LinkedIn can be astoundingly useful. However, it is not enough to create a profile and sit back and watch the contacts come pouring in. LinkedIn is not a passive activity. To get the most out it, make sure you take the following steps:
1) Have a 100 percent complete active profile in place. Because this is an Internet site that is open 24 hours a day, seven days a week, 365 days a year, your profile is always going to be visible to those people who access LinkedIn.
You're not always going to be there to fill in any blanks and to clarify and explain certain details to someone who checks it out. It is up to you to have an up-to-date and accurate profile that doesn't simply spit back the same information that is in your resume; it must shade in the details without providing any contradictory information.
Prospective employers won't hesitate to run a search on your name when you apply for a job.

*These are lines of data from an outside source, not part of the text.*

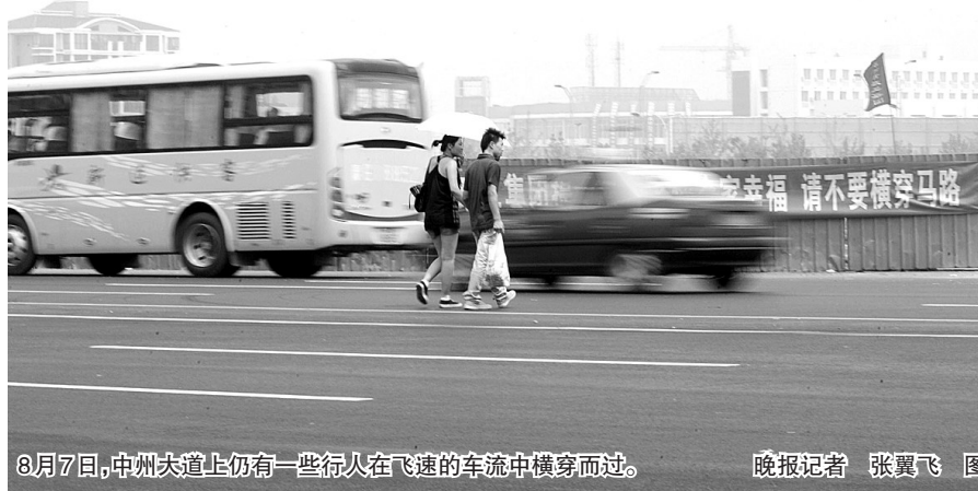
8月7日，中州大道上仍有一些行人在飞速的车流中横穿而过。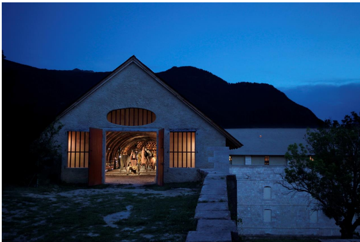
Place forte de Mont-Dauphin, caserne Rochambeau de nuit

En 2023, ce sont déjà plus de 6500 visiteurs qui sont venus admirer l'œuvre d'Ousmane Sow, dont 500 élèves des établissements scolaires du département.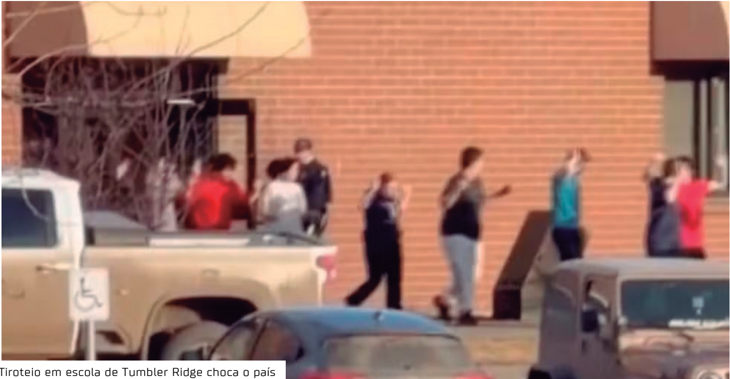
Tiroteio em escola de Tumbler Ridge choca o país

Autoridades lamentam “É difícil saber o que dizer em uma noite como esta. É o tipo de coisa que parece acontecer em outros lugares, não perto de casa”, disse a jornalista o premiê da Colúmbia Britânica, David Eby. Tumbler Ridge é um município remoto com cerca de 2.400 habitantes. A cidade fica no sopé das Montanhas Rochosas, a aproximadamente 1.155 quilômetros de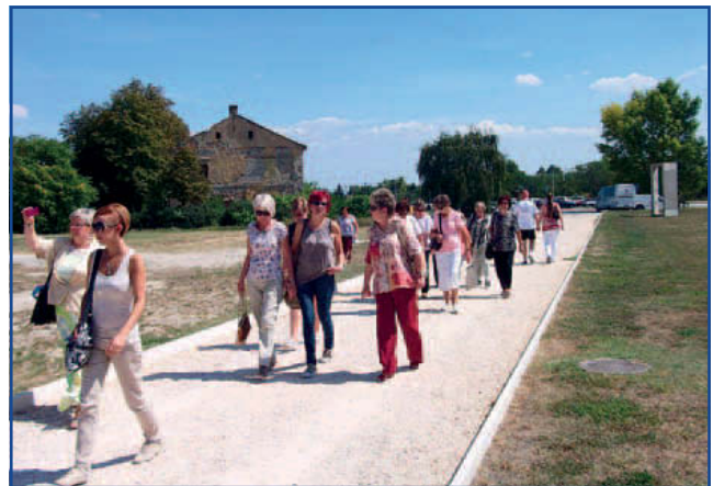
Megérkezés a komáromi Monostori Erődhez

szomorúfüzeteket. A kertben található a pálmaház, és egy francia építész, Charles Moreau nevéhez köthető műrom, mely egy háromhajós templom maradványait imitáló romantikus stílusban épült rom. Tata után Komáromba, a Monostori Erődbe vezetett az utunk. Az erődök a XIX. század legfejlettebb haditechnikai elvei alapján klasszicista stílusban épültek. Lenyűgöző látványt nyújtottak a gondosan faragott kővekből illesztett védfalak, bástyák, löporraktárak, kiképzőtermek,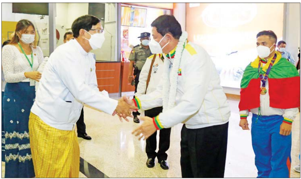
ပြည်ထောင်စုဝန်ကြီး ဦးမင်းသိန်းဇံအား ရန်ကုန်တိုင်းဒေသကြီး ဝန်ကြီးချုပ် ဦးစိုးသိန်းက ရန်ကုန် အပြည်ပြည်ဆိုင်ရာလေဆိပ်၌ ကြိုဆိုနှုတ်ဆက်စဉ်။

ဥက္ကဋ္ဌ၊ အားကစားနှင့်လူငယ်ရေးရာ ဝန်ကြီးဌာန ပြည်ထောင်စုဝန်ကြီး ဦးမင်းသိန်းဇံနှင့်အတူ ရွှေတံဆိပ်ဆု ရရှိခဲ့ကြသည့် ကာယဗလနှင့် ကာယကြံ့ခိုင်မှု အားကစားနည်းမှ ရဲထွန်းနောင် (+၇၀) ကီလို၊ ဝူရှူး အားကစားနည်းမှ သိန်းသန်းဦး (နန်းကွန်) တုတ်ရှည်၊ ပီတန်း အားကစားနည်းမှ ခင်ချယ်ရီသက် (Women Shooting)၊ ပြိုင်ပွဲ အသီးသီးမှ ငွေတံဆိပ်ဆုရရှိသူများ၊ ကြေးတံဆိပ်ဆုရရှိသူများနှင့်အတူ စစ်တုရင်၊ E-Sports၊ အမျိုးသမီး ဘောလုံး၊ အမျိုးသား ဘော်လီဘော အားကစားနည်းတို့မှ ပြိုင်ပွဲဝင် အားကစားသမားများနှင့် အပြည် ပြည်ဆိုင်ရာခိုင်လူကြီးများ ပြန်လည် လိုက်ပါလာကြသည်။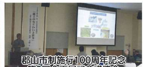
郡山市制施行100周年記念 第2回企画展記念講演会 「縄文のなりわいと祈り」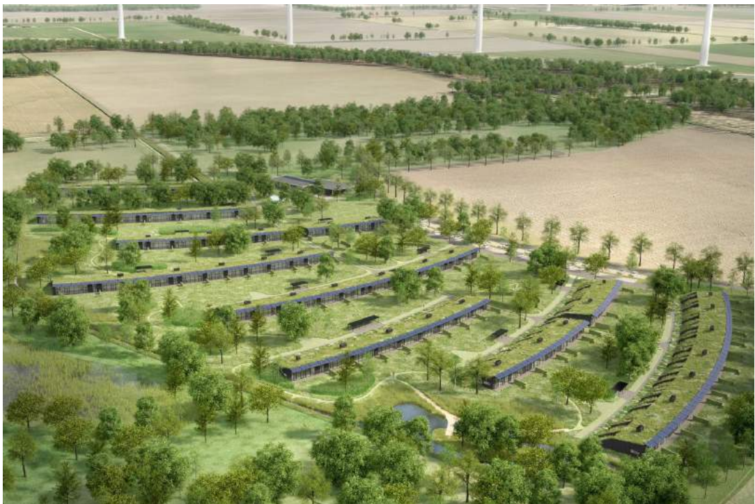
Afbeelding 1: vogelvlucht impressie van 't Eemgoed, 82 woningen, 10 landschapskamers op 7 hectare en een gemeenschapshuis voor privé, werk en landgoedleven

Deze drie woningen zijn onlangs vrijgekomen, alle overige woningen zijn reeds verkocht.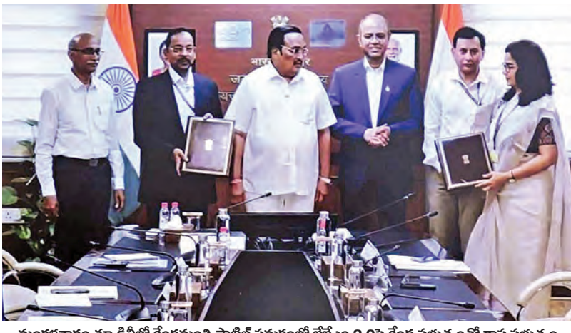
మంగళవారం న్యూఢిల్లీలో కేంద్రమంత్రి పాటిల్ సమక్షంలో జేజీఎం 2.0 పై కేంద్ర ప్రభుత్వంతో రాష్ట్ర ప్రభుత్వం తయారు అధికారులు ఒప్పందం చేసుకుంటున్న దృశ్యం

విజయవాడ మార్చి 24 ప్రభాతపార్లమెంటు: పార్లమెంట్ లో వైసిపికి మొదటి అంతస్తులోని 11 వ నెంబర్ రూమ్ ను స్పీకర్ అంటిచ్చా రేలా అయింది. దీనిపై పార్టీ ఎంపీలు తీవ్ర ఆసం తృప్తి వ్యక్తం చేశారు. రూమ్ వెంటనే మార్చాలని స్పీకర్ ను కలిసి విజ్ఞప్తి చేశారు. వారి విజ్ఞప్తి మేరకు స్పీకర్ 12 వ రూమ్ కేటాయించారు. గత అనెంబ్లీ ఎన్ కౌంటర్ల వైవాళి కేవలం 11 స్పీట్లు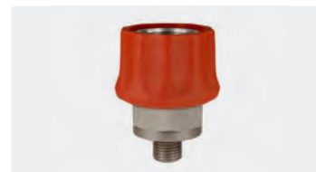
Kupplung : AG. Edelstahl. Max. 600 bar / 150 °C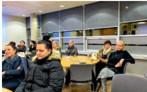
Snyrtifræðingar á kynningarfundum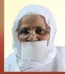
પૂ. શ્રી કમલપ્રભાજી મ.સ.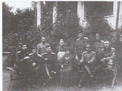
Группа офицеров Гатчинской военной лётной школы в 1915 году

Указатель освещает самые разные аспекты влияния Первой мировой вой-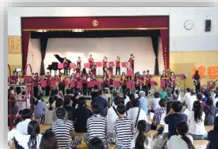
文化祭・ステージ発表(令和7年度)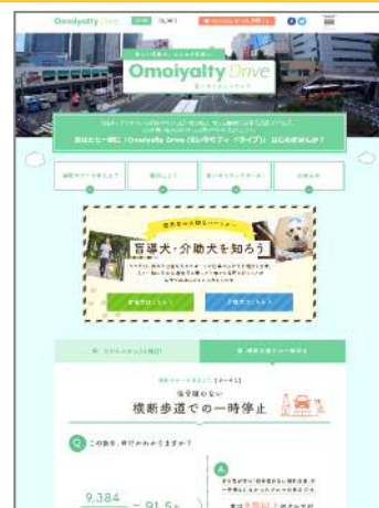
Omoiyalty Drive TOP ページ

Omoiyalty Drive キャンペーン URL : https://omoiyalty.jp/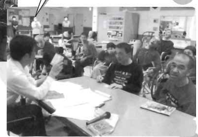
イントロクイズ！！ 皆様必死で頑張りました！！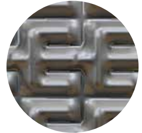
Free Flow plade

SonFlow's Free Flow varmevekslere er ideelle til brug ved behandling af spildevand. De dybe kanaler uden kontaktpunkter giver plads til, at selv komplekse medier med høj viskositet kan strømme uhindret. Vores Free Flow-plader er udformet med et unikt mønster, der minimerer risikoen for tilstopning.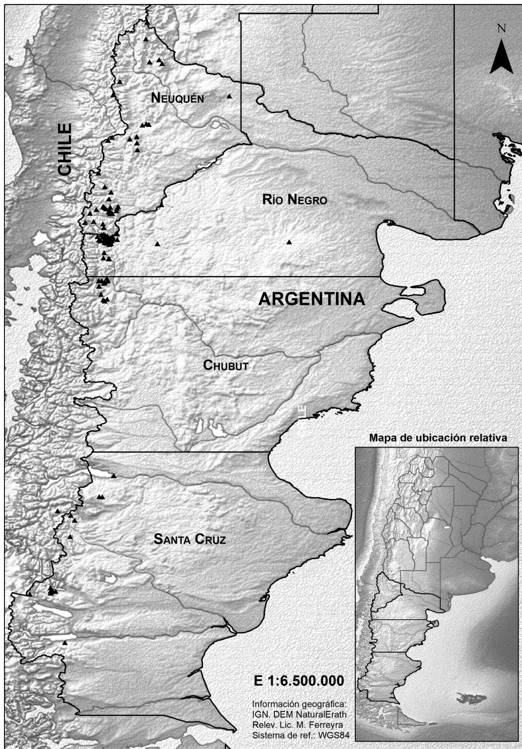
Fig 1. Cerros relevados en las 4 provincias argentinas de la Patagonia continental. Los nombres y coordenadas de cada cerro por provincia en el Apéndice 1.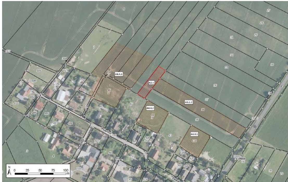
Abbildung 1-1: Lage der Maßnahme A2.1

Hinweis: Die oben dargestellten Ausgleichsflächen A3.2.2, A4.4.1, A4.4.2 und A4.4.3 aus dem Bebauungsplan BP-35-001 sind keine im Zuge des BImSch-Verfahrens vorgesehenen bzw. erforderlichen Maßnahmenflächen.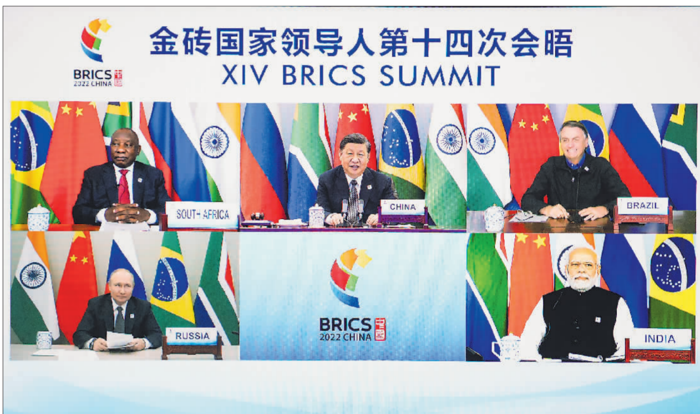
6月23日晚，国家主席习近平在北京以视频方式主持金砖国家领导人第十四次会晤并发表题为《构建高质量伙伴关系 开启金砖合作新征程》的重要讲话。南非总统拉马福萨、巴西总统博索纳罗、俄罗斯总统普京、印度总理莫迪出席。

新华社北京6月23日电（记者杨依军）国家主席习近平23日晚在北京以视频方式主持金砖国家领导人第十四次会晤。南非总统拉马福萨、巴西总统博索纳罗、俄罗斯总统普京、印度总理莫迪出席。 人民大会堂东大厅花团锦簇，金砖五国国旗整齐排列，与金砖标识交相辉映。 晚8时许，金砖五国领导人集体“云合影”，会晤开始。 习近平首先致欢迎辞。习近平指出，回首过去一年，面对严峻复杂的形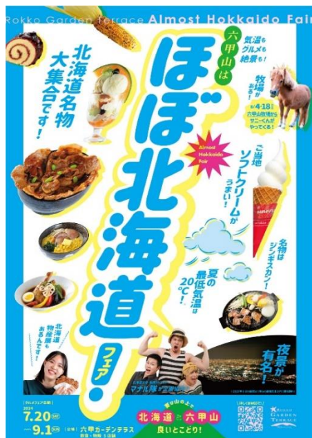
ほぼ北海道フェア ビジュアルイメージ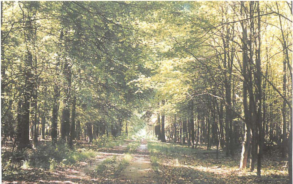
Abb. 3. Befestigter Forstweg in Friesacker Zootzen mit links angrenzender Stieleichen-Buchen-Bestockung und rechts einem Bergahorn-Linden-Stangenholz mit Stieleiche

waren Braune Langohren ( Plecotus auritus ), die dort bis heute mit zwei Wochenstubengesellschaften vertreten sind. Außerdem konnten Zwergfledermaus ( Pipistrellus pipistrellus ),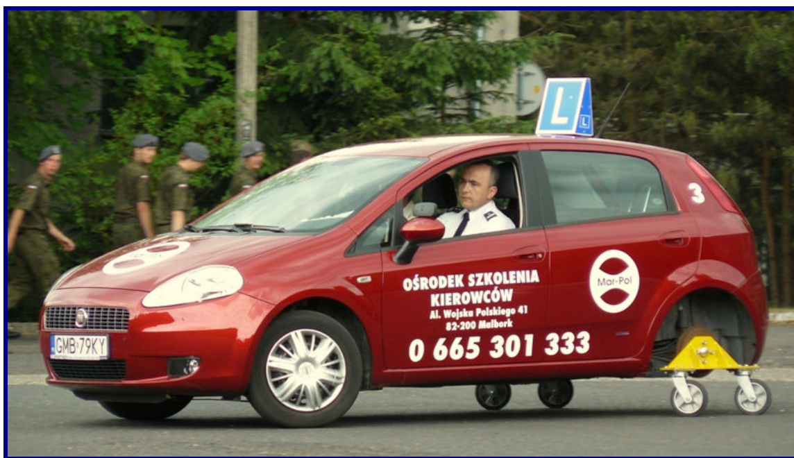
Doskonalenie techniki jazdy na trolejach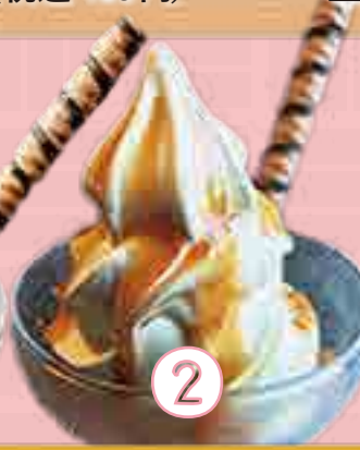
② キャラメルサンデー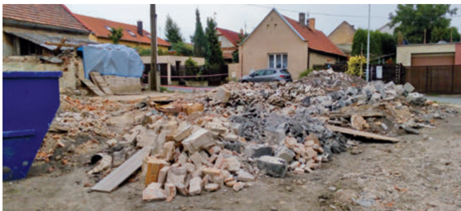
Suť po demolicích stále zůstává na staveništi.

Problémy s rekonstrukcí objektu U Oličů, o kterých jsme se zmiňovali v předchozích vydáních Zpravodaje se v měsících září a říjnu natolik prohloubily, že zastupitelstvo obce rozhodlo o ukončení spolupráce s firmou NISAINVEST s.r.o.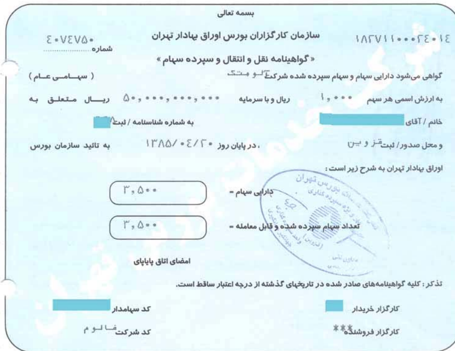
نمونه گواهینامه نقل و انتقال سهام - تالار اصلی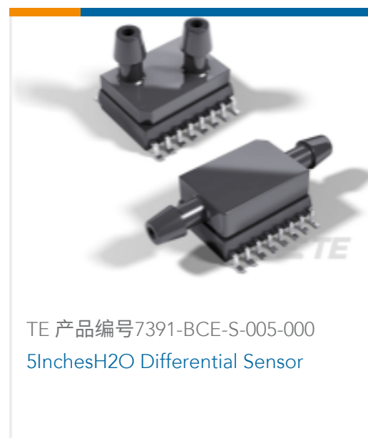
TE 产品编号7391-BCE-S-005-000 5InchesH2O Differential Sensor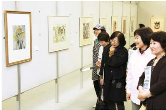
▲日本を代表する画家が描いた作品120点を展示しています

リージョンプラザで、13日(日)まで、サクラアートミュージアム所蔵クレパス画展を開催しています。 岡本太郎や山下清、寺内萬治郎など、日本を代表する巨匠の作品を一堂に展示しています。 子どもから大人まで、世代を越えて親しむことのできるクレパスの魅力が堪能してください。 ●クレパス画展 とき 13日(日)まで 10時～18時 ※入場は17時30分まで。 ところ リージョンプラザ 展示ホール 入場料 大人500円、大学生300円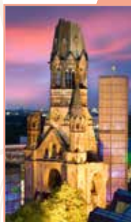
Autour du Kurfürstendamm Pages 150-159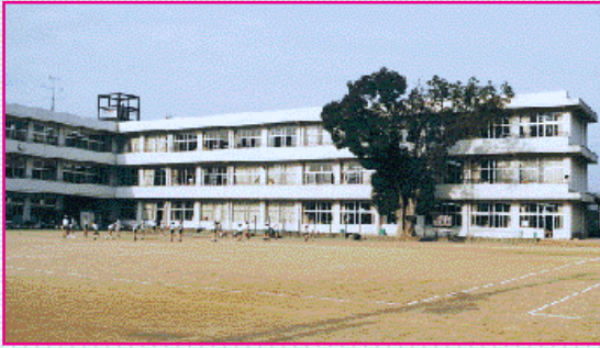
南小学校(昭和57年1月竣工) 猪子12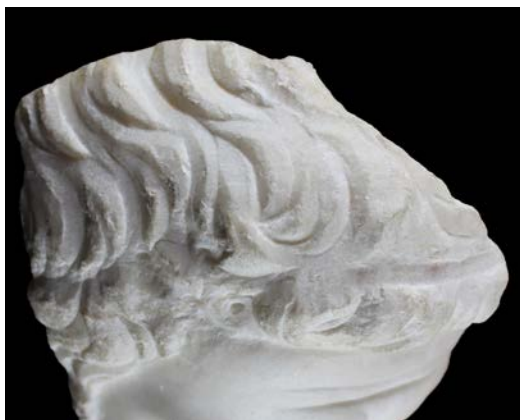
Figura 6. Detalle del rebaje y huellas de anclaje para corona metálica.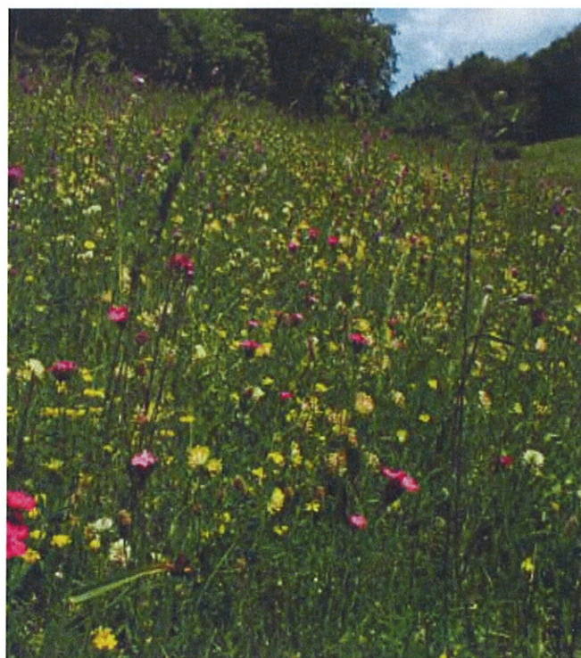
Stanje ohranjenosti nekaterih vrst in habitatnih tipov kmetijske krajine se slabša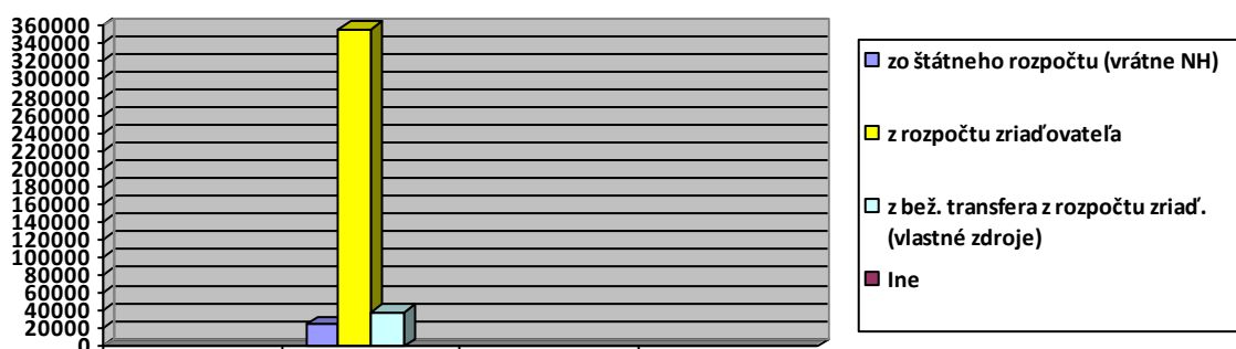
Grafické vyjadrenie skladby výdavkov k 31.12.2022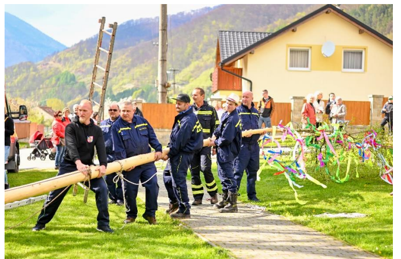
Foto: Minuloročné stavenie mája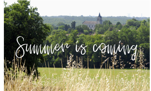
Les activités estivales p. 12-15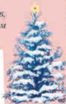
ДАРЬНА КУНАШЕВА, 4 ГОДА, с. НАЛЬЧИК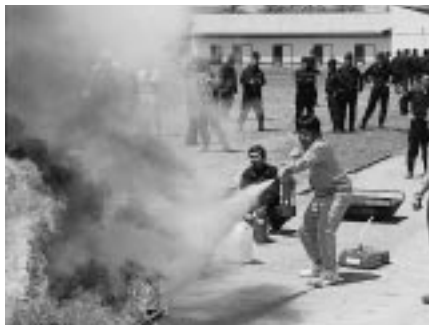
各家庭では初期消火が大切です （昨年の防災訓練から）

内各地で大規模な被害を受け、から二十三年が経ちました。災害は忘れたころにやってきます。この機会にいろいろな防災訓練を体験してみてください。いかがでしょうか。

If your LinkedIn profile shows some cracks in your professional armor, it will have a cost.
2) Make your circle as large as possible. That doesn't mean you should simply accept every connection request that comes your way. It also doesn't mean you should spam the entire population of LinkedIn hoping to get as many acceptances as possible. The key is to add all the people you do know as soon as you sign up. Then, the next step is to use these existing contacts as stepping stones for introductions to people they may be able to introduce to you.
3) Be as generous to other people in the LinkedIn community as you would like them to be. In fact, the best way to build a positive reputation in your circle of contacts is to be proactive and help others out without them asking for help from you in the first place. An unsolicited recommendation of support, detailing specific accomplishments that your contact has done for you is sure to not only make their day, but perhaps even inspire them to sing your praises in return by way of saying thanks.
4) Be sure to participate in LinkedIn Groups, which serve as a sort of community space on the site for people who might not normally share a workspace in real life, but can virtually "hang out" together in cyberspace.
Groups come in all shapes and sizes, not only in terms of business types, but also alumni groups and ones based on geographical proximity. By forging connections through groups, where a common interest is already established, you may find it easier to approach a fellow member for advice or assistance down the line with whom you've already bonded. You can even start your own group around a particular interest related to your field of expertise in order to network with those who care about the same things as you.
The point is that while LinkedIn may allow people to blindly stumble across your profile and grow your circle of influence in your industry, it will be far more effective if you take steps on your own to seek out others, rather than sitting back and hoping that they come to you.
Networking works best when it is a two-way street, but if you never actually get your car on that road in the first place, odds are you won't get to where you want to go.